- Awarded for: Latin American and Caribbean literature in Spanish, Portuguese, English, and French
- Presented by: Casa de las Américas
- First award: 1960
- Website: www.casa.cult.cu/premios/literario

= Casa de las Américas Prize =

Literary award

The Casa de las Américas Prize (Premio Literario Casa de las Américas) is a literary award given by the Cuban Casa de las Américas. Established in 1959, it is one of Latin America’s oldest and most prestigious literary prizes.

The award is presented for works in Spanish, Portuguese, English, and French by writers from Latin America and the Caribbean. In addition to the main categories of fiction, poetry, and essays, it also includes categories for narrative and children’s literature.

==History==
The award was founded in 1959 as the Hispanic American Literary Competition (Concurso Literario Hispanoamericano), as a Latin American counterpart to the British Booker Prize and the U.S. Pulitzer Prize. It was renamed as the Latin American Literary Competition (Concurso Literario Latinoamericano) in 1964, and has been presented under its current name since 1965.
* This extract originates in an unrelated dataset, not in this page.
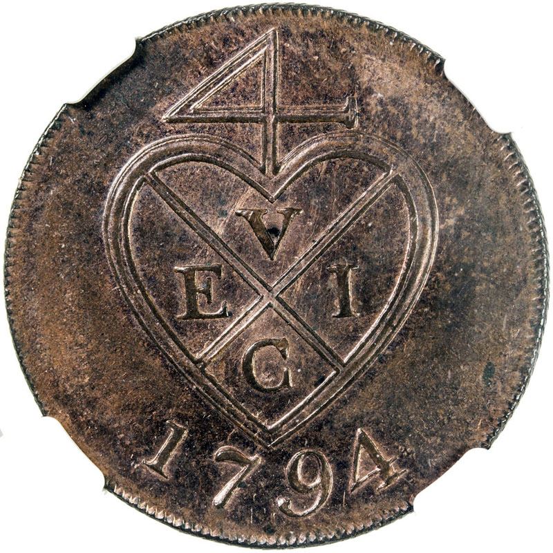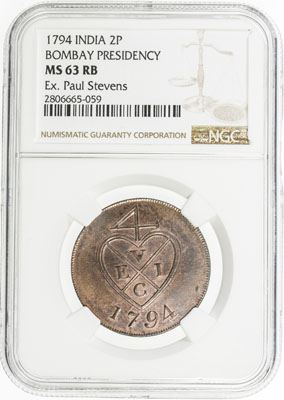 BOMBAY PRESIDENCY: AE 2 pice, [Soho mint], 1794, Stv-8.9, Prid-—. KM-196, type B/3 (no dot below V / short length pivot), NGC graded MS63 RB, R.
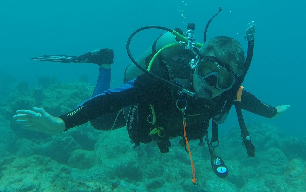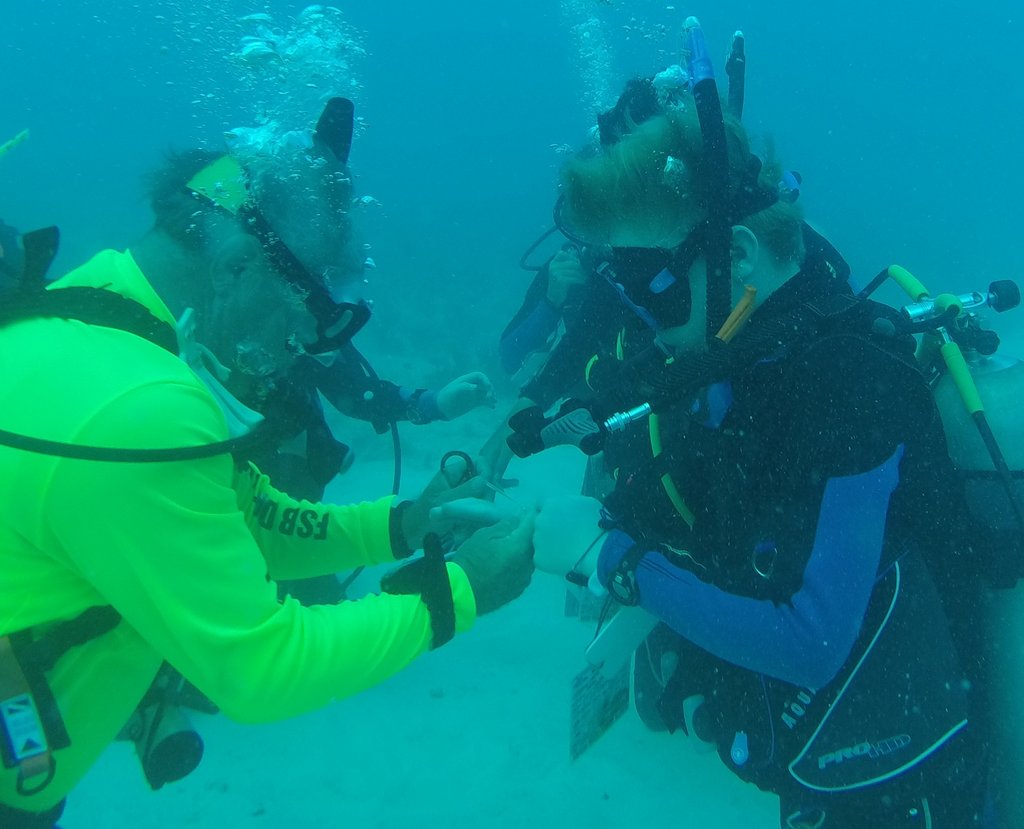 The catalyst for Samuel to learn how to dive was a trip to Florida’s Seabase with scouts in March 2019. These were his first dives after qualifying the previous year. Seabase’s setup was very good for new divers. Our instructor, Dale Davis, a former air traffic controller with the air force, was fantastic both as a dive instructor and as a mentor for young scouts. We completed eleven dives to approximately 30 ft over six days.

Since 1960, the main categories have been novels, poetry, short stories, drama, and essays in Spanish. In 1970, a new category was added for testimonial narratives, and in 1973, the essay and testimonio awards were expanded to include works in Portuguese by Brazilian authors. A category for children’s literature was introduced in 1975, and works by Caribbean authors in English and French have been eligible in all fiction genres since 1976 and 1978, respectively. Since 1978, works by Brazilian authors in Portuguese have been eligible in all categories. In 2000, three honorary awards were established in the categories narrative, essay, and poetry.

Due to the growing diversity of genres and categories, awards in some categories are now presented in alternate years, and awards are not always presented in every category.

==Winners==

Juries for the awards are made up of prominent writers, academics, and intellectuals from throughout Latin America.

Scholars and writers who have won the prize include Edward Brathwaite, Humberto Costantini, Beatriz Doumerc, Eduardo Galeano, Renato Prada Oropeza, Susana Rotker, Rachel Beauvoir-Dominique, Françoise Perus, Beatriz González-Stephan, Anthony Phelps, Luis Britto García, Diego Falconí and Abel Sierra Madero. Among them are many recipients whose work was virtually unknown and who are now widely read and translated into many languages, such as Jorge Enrique Adoum and Roque Dalton.

The Casa de las Américas Prize has been credited with attracting international attention to Latin American literature, and with contributing to a major literary renaissance that resulted in the awarding of the Nobel Prize in Literature to writers such as Pablo Neruda in 1971 and Gabriel García Márquez in 1982.